The war has not brought about a deterioration in the position of the Jews in Germany, this observer declared. While Nazi officialdom and the party have, of course, not abated their hatred of the Jews, the outlook and demeanor of the common people has changed and they no longer believe that the Jews are the sole cause of the world’s misfortunes. Were it otherwise, he declared, the Jews in Germany would have ceased to exist. As it is, they live a strict ghetto existence deprived of all official and open contact with their non-Jewish neighbors.

Though the Jews have food cards they are deprived of the extra rations which frequently mean the most essential foodstuffs, such as milk, cheese and chocolate. But the Jews have received no clothing ration cards and it has not been possible for a Jew to obtain authorization to purchase even a small piece of cloth, the observer declared.

The Jewish authorities consequently opened clothing centers where needy Jews — and 55 per cent of the Jews in the Old Reich are dependent on Jewish communal charity –may obtain clothes for the winter at moderate prices or free. The stock consists mainly of old clothes given to the community in past years by emigrating Jews and also new clothes left behind by recent emigrants who literally were allowed to take nothing more than the clothes they wore.

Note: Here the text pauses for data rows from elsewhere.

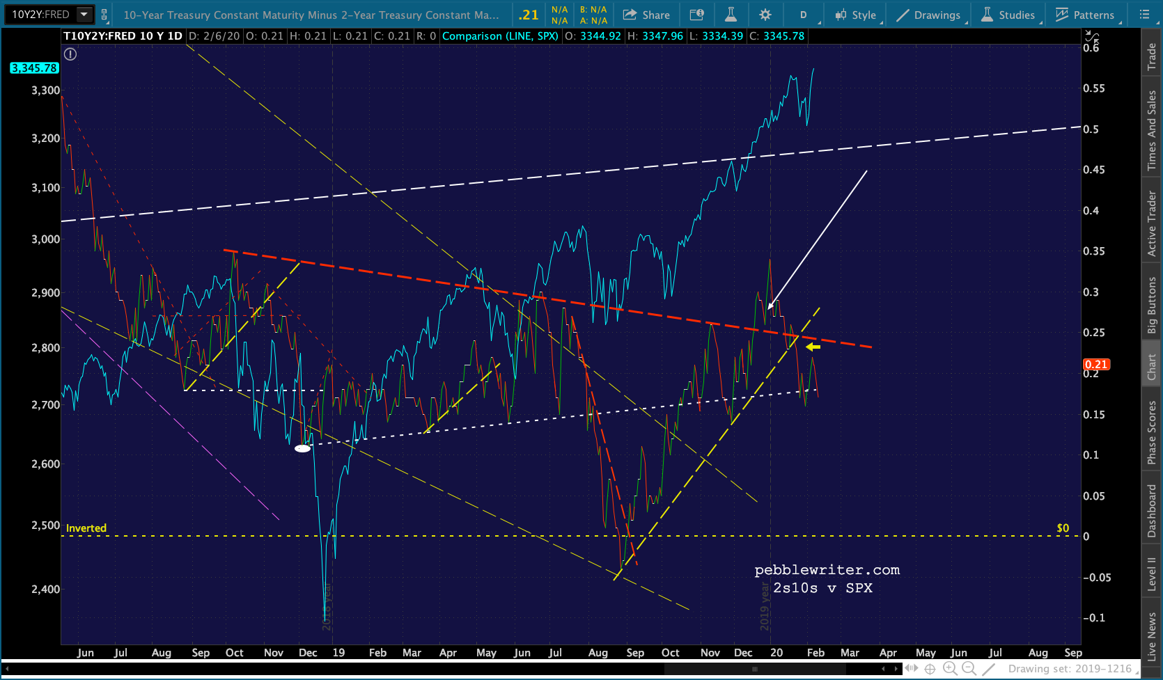 …and the 2s10s, which is still bearishly inclined…
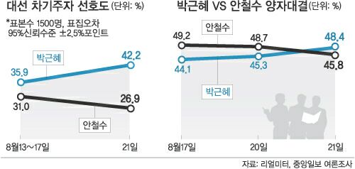 여론조사회사 리얼미터와 중앙일보가 20∼21일 자동응답 전화조사를 해 22일 공개한 결과에 따르면 박 후보는 양자 가상대결에서 48.4%의 지지율을 얻어 45.8%를 기록한 잠재 유력경쟁자 서울대 안철수 융합과학기술대학원장을 오차범위 내에서 앞섰다. 이 조사에서 박 후보가 안 원장을 꺾은 것은 13일 이후 처음이다.
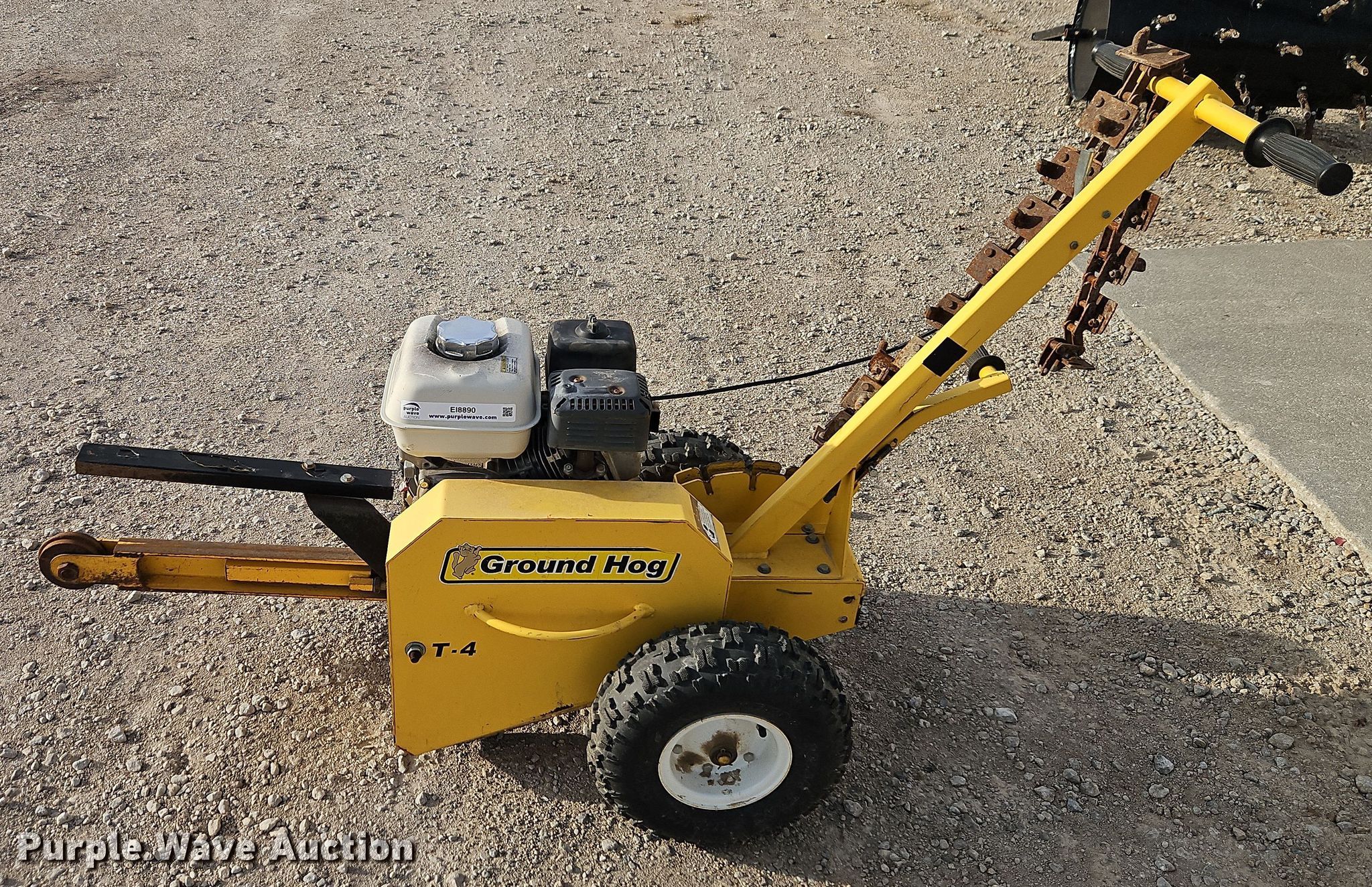 Purple Wave is selling a used Trencher or Rock Saw in Kansas. This item is a Gound Hog T-4-HS18 trencher with the following: Serial: 14923

So far, this informant said, the Jewish communal organizations have managed to bear the burden of caring for more than half their members because Jewish emigrants have to leave part of their fortunes at the disposal of the Inspector of Taxes and another part to the community as a so-called “emigrants’ levy.”

One result of the war has been serious interference, if not virtual stoppage, of Jewish emigration from the Reich. In the first place, after a protracted fight between the German High Command and the Nazi organs, emigration of “enemy alien” Jews, such as Poles, was forbidden, the Army authorities arguing that these people might be taken off ships by the British and join the ranks of those fighting against Germany.

A second compelling reason was Germany’s urgent need of labor which resulted in the formation of the Jewish labor units.

But the principal reason, according to information obtained from authoritative sources by this informant, was a change in outlook on the Jewish question by the Nazi authorities. From encouraging, and even forcing the emigration of Jews from the Reich by every conceivable means, the Nazi authorities last July began to operate on the assumption that they no longer had to deal only with the question of the Jews in Germany but with the millions of Jews in all the occupied countries and even all Europe, including England.

The Gestapo even let it be known that it had a plan all ready to deal with the European Jewish problem immediately after Hitler had won the war. The plan, which was given publicity in the Italian newspaper, La Stampa, at the time, calls for the deportation of the 4,500,000 Jews of Europe to the island of Madagascar, which is big enough, according to the Gestapo, to hold them all and is sufficiently remote from Europe to bar their escape. Here, according to information obtained by this informant, the Jews would be permitted to live their own lives under the direction and supervision of a German Governor General and the S.S. guards.

Meanwhile, a certain amount of emigration continues from Germany, mainly to the United States. Prospective emigrants encounter a great deal of difficulty, particularly if they are able-bodied men. The Jews remaining in Germany live the existence of outlaws cut off from the general stream of events and isolated from contact with the world around them.